On the message he wants to share with the wider LGBTQ community:

“Being called out is not a bad thing. It’s a way to change. You’re my friend, so I’m going to call you out because I care. I’m not saying you are a horrible, evil person. I’m letting you know that you are doing something right now that is harmful, and now you have language for it and you can educate yourself and change your behavior.

“White people tend to have this knee-jerk reaction, where they ball up and shut down. What I’m saying is: you’re hurting me and this is how it can stop. Listen.

“A second big issue in the LGBTQ community is misogyny. Sometimes I joke that FTM doesn’t stand for female to male, but female to misogynist. Some people who are queer or trans think that they escape being misogynist because they are a part of our community. The problem is they’re not holding themselves accountable for how they’re talking over and hurting women and femmes.

“A lot of them are concerned about continuing to be popular, which is why they’re nervous to talk about these things. Just because you have a million followers doesn’t mean you’re doing the right thing. Popular isn’t always right. If we want to escape the gender binary we have to stop uplifting the people in our communities who reinforce it. It’s only making our work that much harder.”

On his role models:

“This is going to sound so cheesy but one of my biggest role models is my spouse, Madi. And my roommate Bennett. These are two people I am constantly trying to be more like. They’re both trans. I want to be more humble and in touch with myself like Madi. They do such important work. If it were me, I would be shouting it from the mountain tops, but they’re just low-key doing it.

“I also want to be more courageous like Bennett is. He doesn’t let fear determine him. He has a lot of privilege, but he isn’t afraid to use it and help people no matter what others think. He has things to lose when he stands up for people like me, but he notices where he has the ability to lift someone else up and he does. During the marches after the election, he stood next to me and basically carried me on his shoulders when people were trying to silence me and my chants.

“If I didn’t have this home with these two people to make my magic in, my magic wouldn’t be as strong.

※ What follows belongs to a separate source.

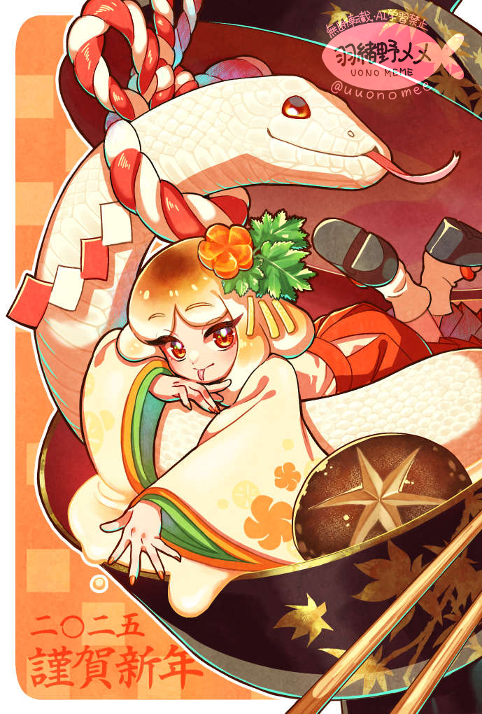 白みそのお雑煮に住んでいるお餅の神とそれに仕える巫女…のイメージで描きました。 うるし塗りの器のつや感がうまく描けたと思います。

“Another one of my role models is Prince. No matter what spotlight was on him, he just did what he was going to do. He presented himself in the way I like to present himself. He didn’t care about what was masc or femme. He put things on because he thought he looked good in it, and that’s all that matters. He gave me some lines to scribble outside of.”

On what gives him hope under the new administration:

“What keeps me hopeful during this time is that I am here during this time. It would worry me so much more if I heard about this in a history class. I am glad that I am here right now to change this. The discomfort that we are feeling shows us that it’s time to change.

“It is human nature to evolve, that is why we’re different from any other species on the planet. That’s what makes us us: the ability to be uncomfortable and do something about it. Some of us have felt uncomfortable for a long time, but more and more people are feeling it now. We’re coming to the pinnacle; we’re about to come over the hill.

“The reason we are hurting is because we can’t close our eyes to the reality of the world. If we can’t close our eyes, it means we are here to change it. That’s beautiful to me. We are all becoming aware of the power we have.”